I thought I had pushed the fair go rule far enough hijacking Macroscien's thread, so I will start afresh. This is the first Fangy fin in Aluminium complete to a smooth finish. 55 degree rake to handle thick weed and burgs. I now need to try it out against some weed and see how the leading edge fares. If it's looking promising and holding up better than G10, the Mk II will be cast and I will see how that behaves...stay tuned :-)
The Mark I above ready for crash testing. The Mark II below will follow if all goes according to plan.
Looks great.
From memory Dunkerbeck experimented with Aluminium fins (pointers though) at some stage but all failed unfortunately (fatigue failure?).
Pretty sure there's a video floating around but cant find it just yet.
Hopefully you have a better outcome.
Looks great.
From memory Dunkerbeck experimented with Aluminium fins (pointers though) at some stage but all failed unfortunately (fatigue failure?)...
I am hoping that the thickness off the base and the short overall height, will guard against fatigue. The Mark II are thicker again and filleted to try and distribute the stress more evenly across the base area. But time will tell if I got that right...
Looks great.
From memory Dunkerbeck experimented with Aluminium fins (pointers though) at some stage but all failed unfortunately (fatigue failure?).
Pretty sure there's a video floating around but cant find it just yet.
Hopefully you have a better outcome.
maybe with a pointer it could have been a flex issue , weed fins are thicker and don't need flex , I think fangy is on the money with the flange around the base and maybe solve a few cavitation issues at high speed and chop
Looks great.
From memory Dunkerbeck experimented with Aluminium fins (pointers though) at some stage but all failed unfortunately (fatigue failure?)...

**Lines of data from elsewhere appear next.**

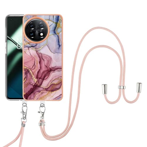 For OnePlus 11 Electroplated Marble Double-sided IMD Phone Case with Lanyard (Rose Red 014)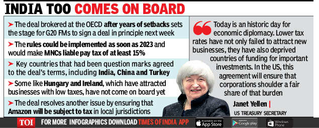 NEW DELHI: The world took a big step toward sweeping changes to global taxation as 130 countries and jurisdictions endorsed setting a minimum rate for corporations along with rules to share the spoils from multinational firms like Facebook Inc. and Alphabet Inc.’s Google.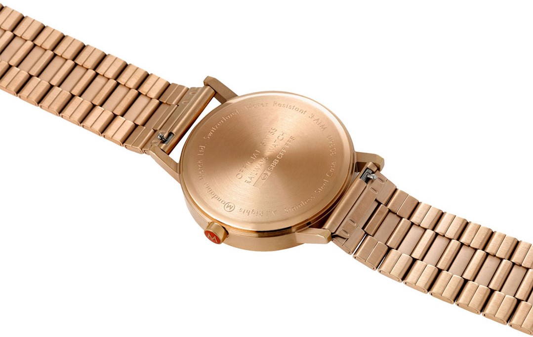 MONDAINE Classic A660.30360.16SBR jsou pánské hodinky v klasickém stylu na ocelovém náramku s povrchovou PVD úpravou v barvě růžového zlata a posuvnou sponou. Pouzdro z nerezové oceli ve stejné barvě má průměr 40 milimetrů. Přehledný černý číselník je chráněn minerálním sklíčkem a je inspirován ikonickými nádražními hodinami s červenou sekundovou ručkou. Pohon hodinek zajišťuje quartzový strojek Ronda 513. S vodotěsností 3 ATM jsou hodinky odolné proti dešti a při mytí rukou.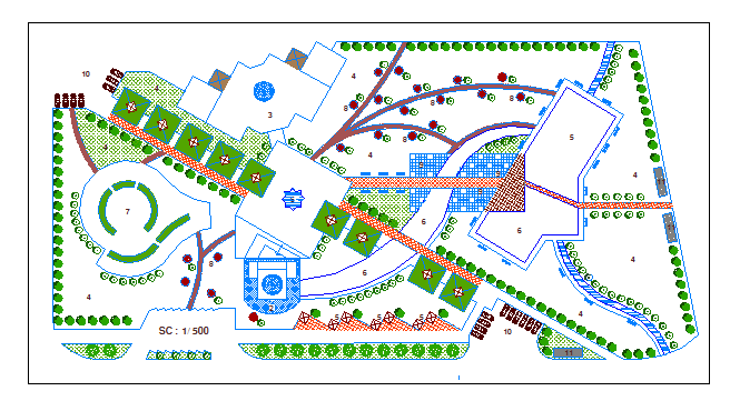 Landscaping details of community park that includes a detailed view of main entry gate, side walk view, landscaping view, green area, tree and plants view, decorative tree equipment, decorative garden equipment, children playground equipment, water area, fountain, gazebo, restaurant, dining area, kiosk, slides, car parking area and much more of park landscaping details.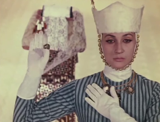 The lead actor is Sofiko Chiaureli who portrayed several characters in the film, for example, she was the poet and the love interest in the third act. This was inspired by Persian miniature paintings that had couples with similar features and faces in paintings. The actor’s performance was understated but never looked out of place. This is also something to notice in other viewing of the film that it’s the same actor almost throughout the whole film. The costuming and makeup help disguise the actor in the character very well.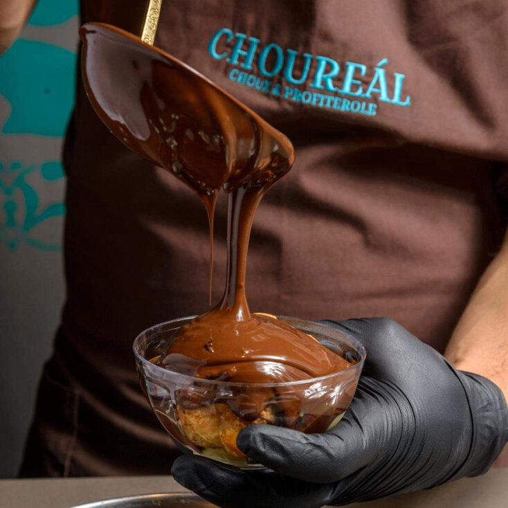 Το Choureal, που άνοιξε πρώτα στη Θεσσαλονίκη και τους τελευταίους μήνες κρύβεται σε μια μικρή κάθετο της Ερμού, δεν είναι συνηθισμένο μέρος. Είναι ο ναός του προφιτερόλ. Προφιτερόλ που φτιάχνεται μπροστά στα μάτια σου, από την αρχή. Με τρυφερά σουδάκια που γεμίζονται με βελούδινη κρέμα πατισερί ή με φρέσκο χειροποίητο παγωτό. Προφιτερόλ που δέχεται το χάδι από 9 διαφορετικές σοκολάτες Valrhona. Προφιτερόλ αξέχαστο.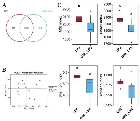 Effects of dietary GML supplementation on the α-diversity of gut microbiota in piglets challenged with LPS. (A) Venn diagram of OTUs; (B) Principal coordinate analysis (PCoA) of gut microbiota; (C) ACE index, Chao1 index, Shannon index, and Simpson index. a,b Different letters indicate differences between groups.

I am hoping that the thickness off the base and the short overall height, will guard against fatigue. The Mark II are thicker again and filleted to try and distribute the stress more evenly across the base area. But time will tell if I got that right...
Mal Wright built some aluminium slalom and speeds fins way back in the late 80's or very early '90's. As I understand it, Ian Fox has one or two, and I have a couple in my speedsailing museum, a 20cm deep US box assy speed fin (first fin I did 40 knots on! ) and a symmetrical slalom pointer at about 32cm deep. They were actually machined with a CNC machine and hand finished to remove the machining marks. AFAIK, he didn't have any failures with them. I think modern CNC machinery could do a far better job of them, Mal had the TM series fin moulds machined from aluminium blocks in the early 2000's and they only required very fine surface finishing before use. G10 fins are made with CNC machining, and it is my understanding that they usually require very little final finishing.
I'm not sure which one this is, but it is an early one. I think it is the TM-26 Alpha fin, but it could be the TM-V6 assy speed.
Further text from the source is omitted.